How to avoid replacing more than needed with str.replace? [duplicate]
I have a dataframe, which shows som text in one column and the language of the text in another column. Instead of having 'en', 'ru' etc. written in the language column, I have tried to turn these abbreviations into full words:
df['text'] = df['text'] \
.str.replace('en', 'English') \
.str.replace('ru', 'Russian') \
.str.replace('fr', 'French') \
.str.replace('tr', 'Turkish') \
.str.replace('es', 'Spanish')
# The number of languages goes on..
The issue, however, is that it finds 'en', for example, in other words (such as French), which doesn't give the best output, when I run the dataframe:
English 959874
Russian 419963
FrEnglishch 93797
Turkish 87225
Spanish 74120
PortuguSpanisHebrew 31627
# And so on..
How can I avoid that it searches for 'en', for instance, in all words and not only, when 'en' stands alone in a column?

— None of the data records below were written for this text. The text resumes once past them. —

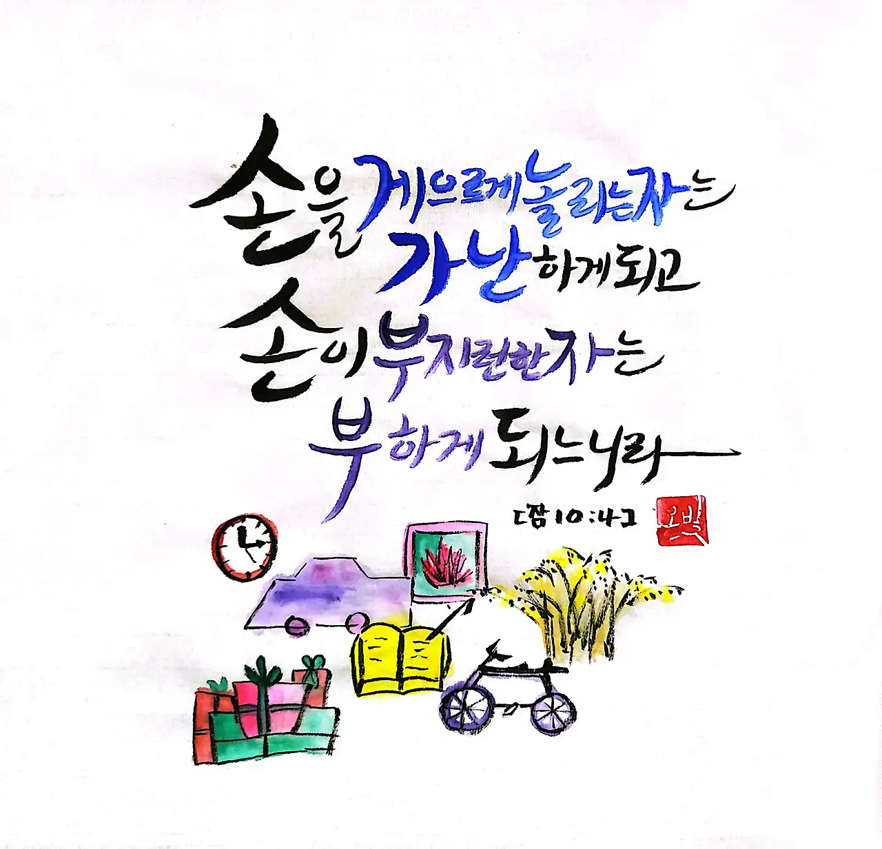 손을 게으르게 놀리는자는 가난하게 되고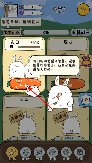 1、在发展界面,点击如胡萝卜标识的人口提升区域,可增加人口数量,这是推动文明发展的基础操作,工业等发展提供人力支撑,需优先提升。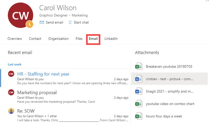 Want to know who someone reports to and see recent emails and files from that person. That is easy to do in Outlook on the Web.

You might consider using map
instead of str.replace
, which should be more efficient in your case as you only do dictionary lookups. Therefore, you just define a dictionary used as a lookup table that you pass to the map function. For your example, that dictionary would map short-form version to long-form. In code, that reads like
my_map = {"en": "English", "ru": "Russian", ...}
df['text'] = df.text.map(my_map)
You can use regex replace:
df['text'] = df['text'].str.replace(r'^en$', 'English')
In regex, ^
means start of line and $
means end of line.
So you'll basically say:
Replace with English
where from start of line it says en
and ends there.